Polly Holyoke is the first-time author of The Neptune Project (Hyperion, 2013). From the promotional copy:
With her weak eyes and useless lungs that often leave her gasping for air, Nere feels more at home swimming with the dolphins her mother studies than she does hanging out with her classmates.
Nere has never understood why she is so much more comfortable and confident in the water than on land until the day she learns the shocking truth—she is one of a group of kids who have been genetically altered to survive in the ocean. These products of the “Neptune Project” are supposed to build a better future under the waves, safe from the terrible famines and wars and that rock the surface world.
But there some big challenges ahead of her: noone ever asked Nere if she wanted to be part of a science experiment; the other Neptune kids aren’t exactly the friendliest bunch, and in order to reach the safe haven of the new Neptune colony, Nere and her fellow mutates must swim across hundreds of miles of dangerous ocean, relying on their wits, their loyal dolphins and one another to evade terrifying undersea creatures and a government that will stop at nothing to capture the Neptune kids … dead or alive.
Fierce battle and daring escapes abound as Nere and her friend race to safety in this action-packed marine adventure.
When and where do you write? Why does that time and space work for you?
I’ve been writing professionally for over twenty years now, and I do like to write in my little office (usually supervised by two lazy cats), but I can make myself write anywhere.
|Ellie and Luna|
I’m also a big believer in the “bio-rhythms” of writing. Different people definitely have different times of day when they are most productive. Between 8 and 11 o’clock in the morning is my magic time when the words and phrases flow easily. Noon to two or so is a barren, frustrating desert, and then my creativity starts flowing again around three in the afternoon, just when I have to pick up my kids from school.
I knew a successful romance writer whose most productive time was literally from midnight to four or five in the morning. She lived a completely nocturnal lifestyle when she was on deadline, but luckily she was single and could cater to the whims of her personal bio-rhythms!
Most of us have jobs and family obligations which keep us from writing at our most productive time.

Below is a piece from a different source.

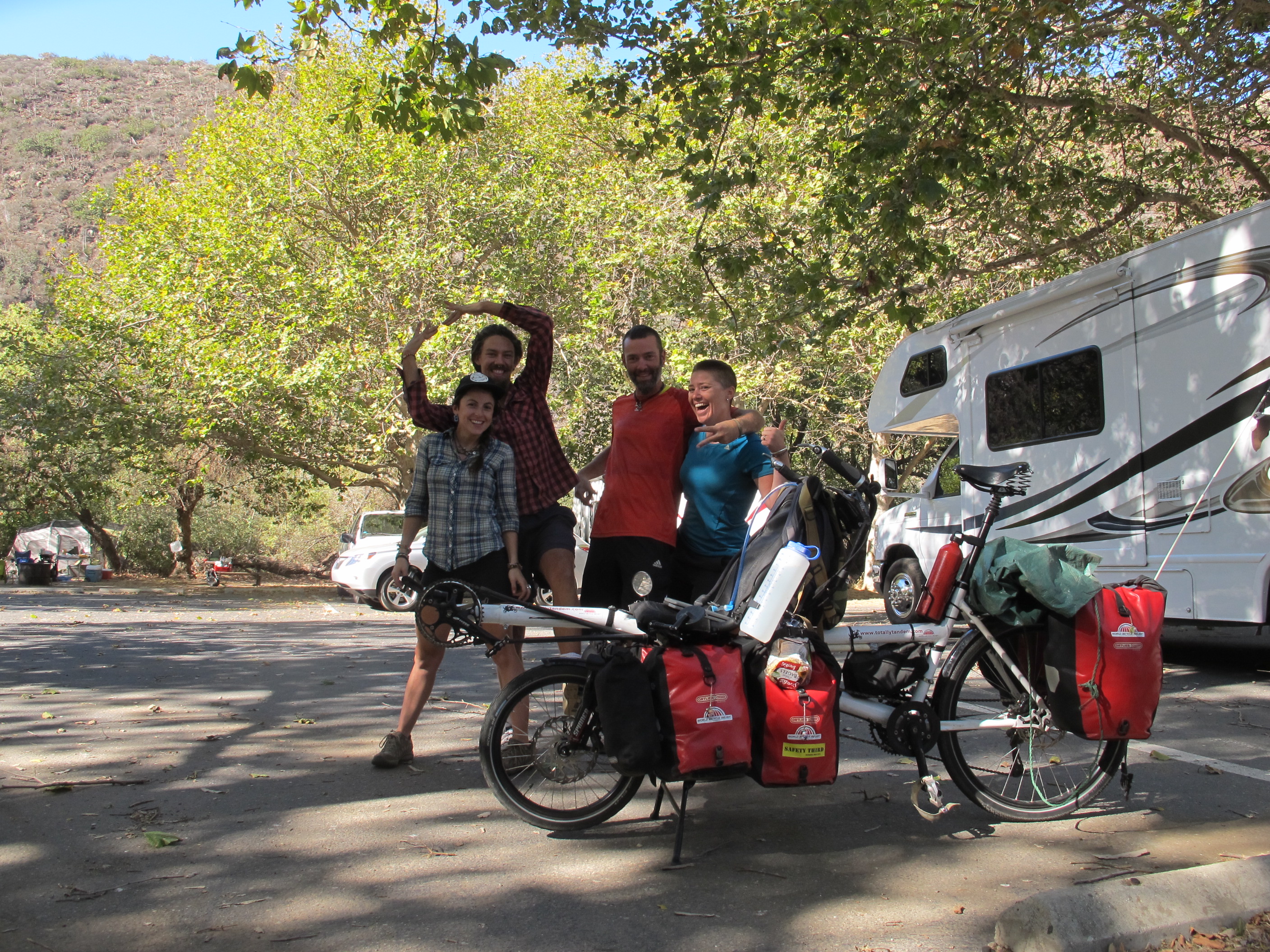 Utterly exhausted & quite exfoliated, we arrive at camp in the darkness. It was a very long day, spending 6 hours on the bike riding 85km with an average speed of 10kmph. We share a site with our new-found friends and they cook us dinner as we discuss the horrors of the Santa Ana winds and the treachery of this cycling day.
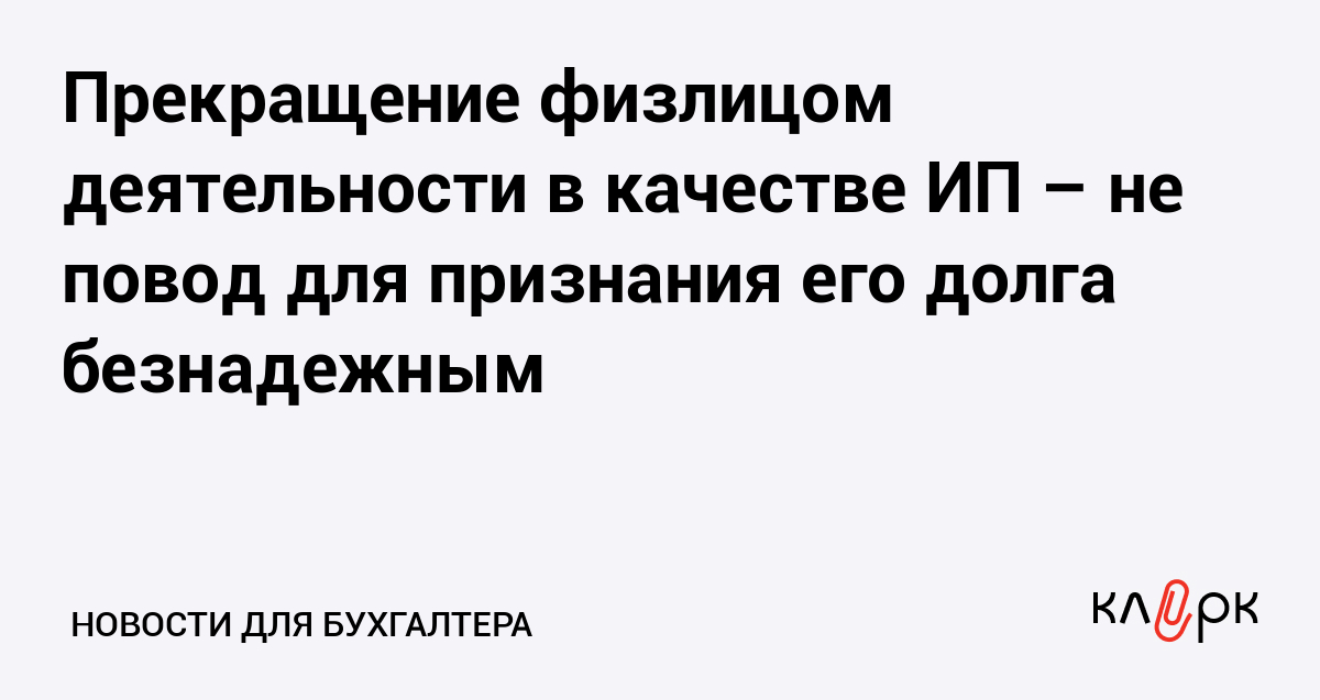 Прекращение физлицом деятельности в качестве ИП – не повод для признания его долга безнадежным

But if you want to be a professional writer, you have to protect that time as best you can.
Sometimes you get stuck having to produce at a time of day when those creative juices don’t flow as easily, but if you’re a pro, you still put yourself in front of your computer at home, in the car, at the office cafeteria, or at your kid’s school gym between games and make the words come or, at the very least, get some useful revising done.
As a science fiction writer, how did you go about building your world?
The Neptune Project takes place almost entirely in the sea, and one of my favorite compliments from a teen reader was, “I had no idea all that cool stuff was down there.”
There is lots of “cool stuff” in the ocean, and I went to great lengths to build an undersea world so vivid that my readers could see it, hear it, feel it, and taste it.
Fortunately, I’ve been a scuba diver for many years, and I was able to describe from personal experience the light and the visibility and the currents one often encounters beneath the waves. I went to the websites of dive companies which operate in waters I didn’t know, like the Vancouver Island area, and I studied their photos and read comments from their guests to collect more visceral details to convey what it’s like swimming around in such cold, dark waters.
Even though the entire premise of humans breathing water may seem preposterous to some, I wanted to make it seem as believable as possible. I had to do a ton of research and found out that what we can already do in terms of genetic engineering is both amazing and frightening.
We truly are on the brink of being able to create custom-designed children and genetically-enhanced super soldiers. Creating humans who can breathe in the sea isn’t preposterous at all.
Finally, I tried to tap into my own teen years and imagine what it would be like if I were fourteen and suddenly was forced to live in the ocean. What would I notice, what would astound me, and what would I miss from my life on land?
Effective world-building often comes back to the simplest details.
In one of my favorite scenes, my characters float in a circle eating their lunch of raw fish and kelp while they talk about the food from home that they miss, like ice cream and freshly-baked bread. I hope in that moment, my teen readers do realize how hard it is for my characters to have to live in this strange new undersea world for the rest of their lives.